The planned act, which organizers called Moral Monday, featured a more-than-four-hour protest in which waves of clergy demanded to speak with Ferguson Police chief Tom Jackson and crossed police lines.
Among those arrested in one of the first waves was Dr. Cornel West, an activist and scholar who declared his intentions on Sunday. “I’m not here to give a speech,” he said. “I’m here to get arrested.”
Another theme has emerged which I’d not previously heard. A number of street sports were on display as the protesters sought to shut down traffic and commerce in the area.
Sunday night and early Monday morning more than 1,000 peaceful protesters shut down an intersection by playing jump rope and silently marching through St. Louis before staging a sit-in at St. Louis University…
The first group departed just after 11 p.m., marching to a nearby intersection and shutting down traffic by playing hopscotch, jumping rope and tossing footballs.
The demonstration was a play on what has become one of the most popular chants during the protests:
“They think it’s a game. They think it’s a joke.”
Hopscotch, football and jump rope are great exercise if you’re looking for some cardio, but it’s not exactly the most readily transmitted message for a protest against racism and police brutality. Then again, there do seem to be a number of different groups flocking to the area, each with their own agenda and focus, so unity on messaging probably isn’t at the top of anyone’s list.
One of the most interesting sentiments being expressed, however, touched on the fact that the latest protest was taking place on Columbus Day.

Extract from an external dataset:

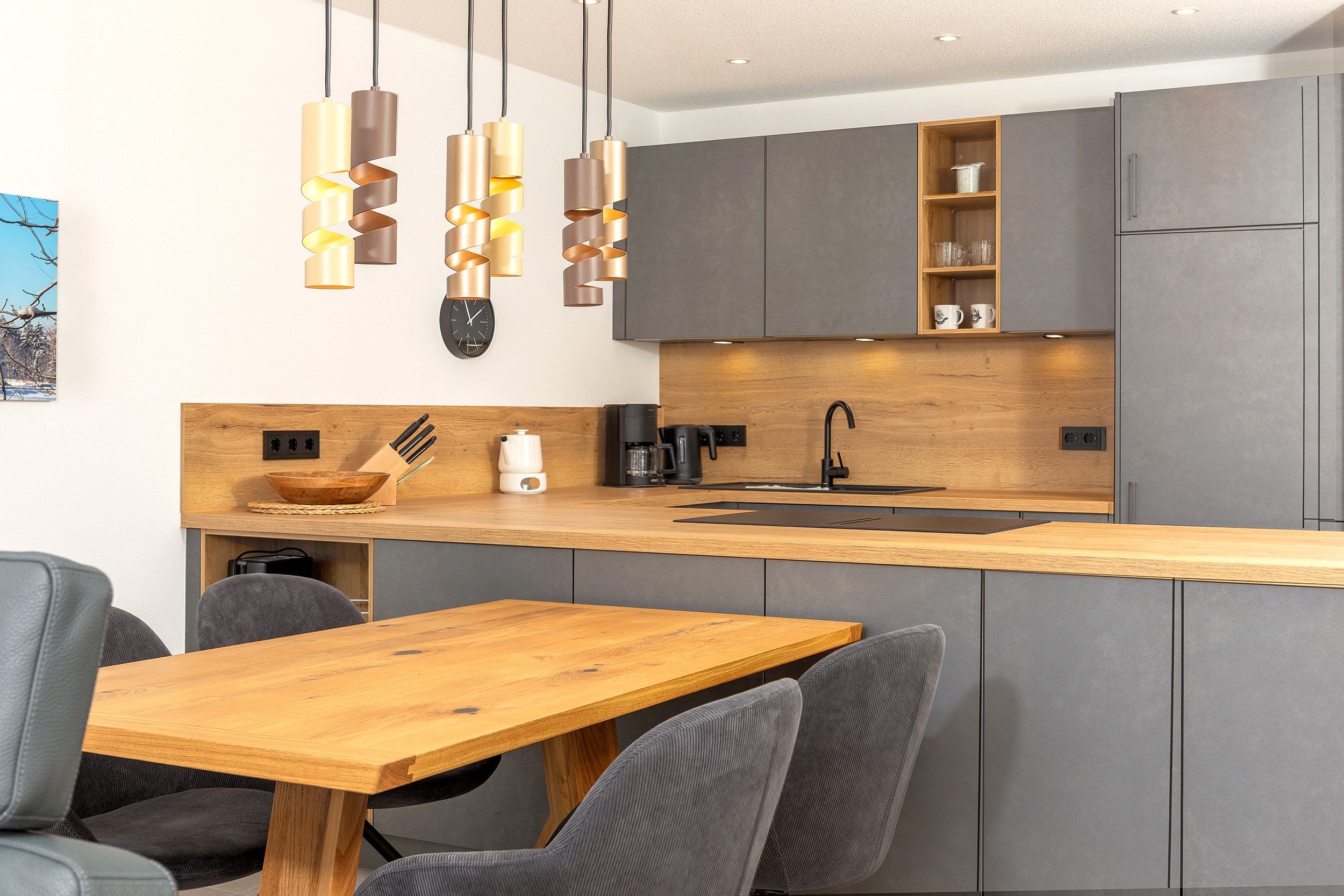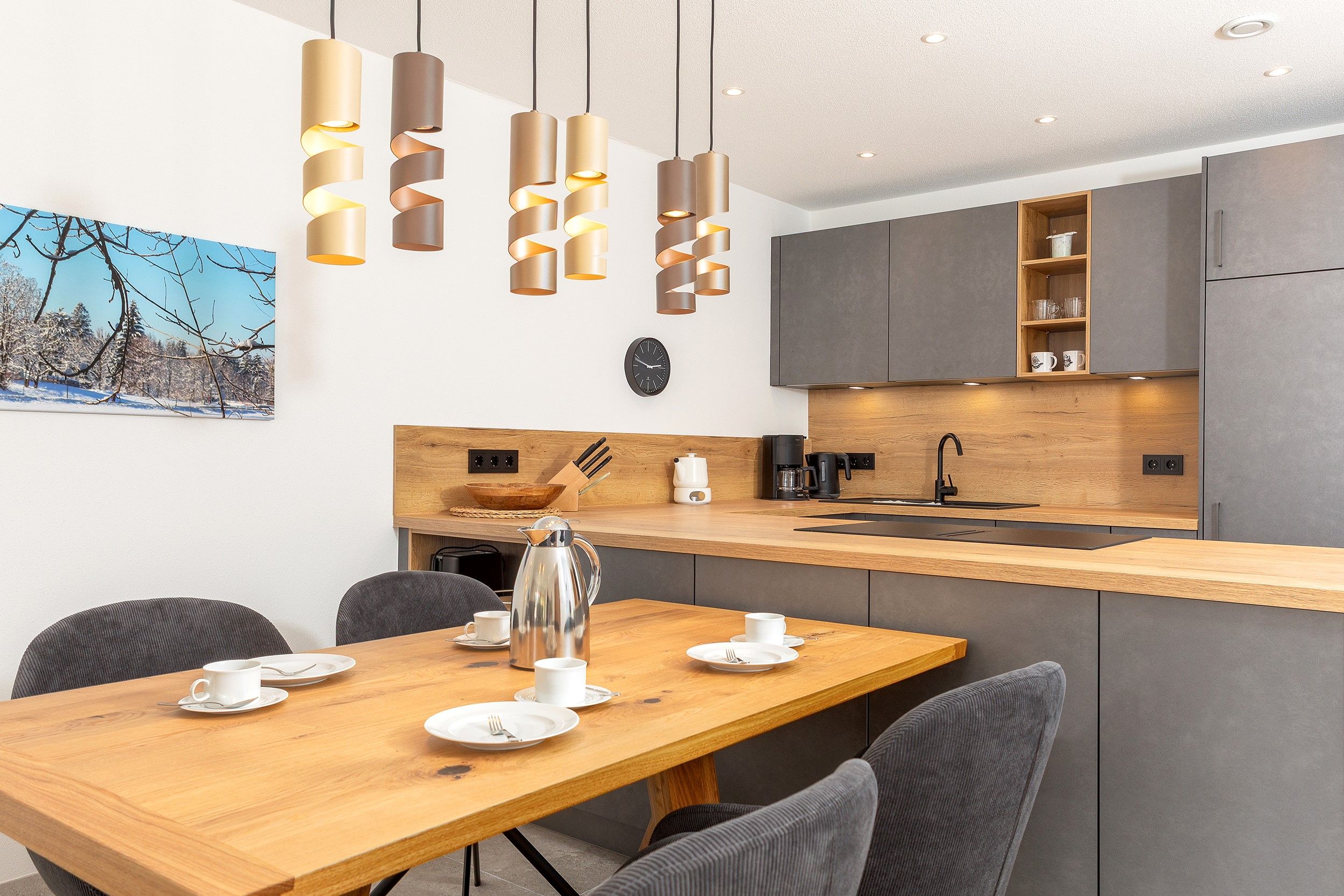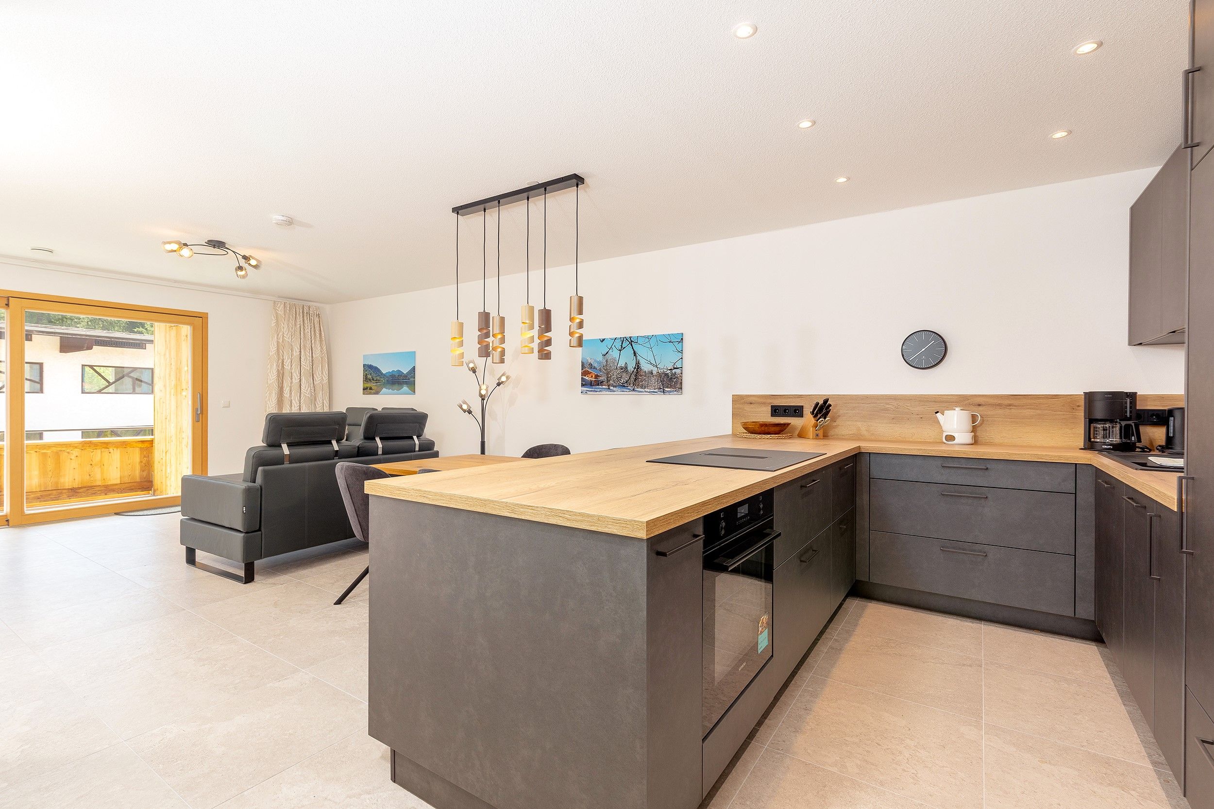 Die voll ausgestattete Küche mit Induktionsherd und Kochfeldabzug macht das Kochen zum Vergnügen. Zusätzliche Annehmlichkeiten wie Fußbodenheizung, ebenerdige Duschen, Tiefgaragenstellplatz, Aufzug, Skikeller und Fahrradraum garantieren Komfort auf höchstem Niveau. Die Wohnung ist liebevoll eingerichtet und sorgt u.a. mit lokalen eigenen Naturmotiven für Urlaubsstimmung.

“This is the real definition of resistance … this thing right here that we’re doing right now is not only a symbolism of what we can do when we stick together, this is … It’s the beginning in a change in our consciousness as a people, as a human race,” Dhoruba Shakur said.
They noted the significance of it being Columbus Day, calling him “the first looter” and saying they were “reclaiming” the college campus. “I know this was a college a couple of hours ago, but as of right now this is our spot and we not going nowhere,” a protest leader said.
It’s usually Native American protesters who pick up on the entire Columbus angle, so that came as something of a surprise. But be that as it may, the protest activity continues even as media focus begins to drift away. The objectives of the protesters may not meet with the success they hope for, however. The grand jury is still at work on the Michael Brown case, but there have thus far been few indications that an arrest for officer Darren Wilson is in the offing, and to even produce an indictment they will likely need to be seeing some evidence that none of the rest of us have been privy to. As for Vonderrit Myers, the police claim that they will be able to produce the gun that he fired as the off duty police officer as well as the bullets. Assuming they have the goods, an arrest in that case will remain little more than a fantasy.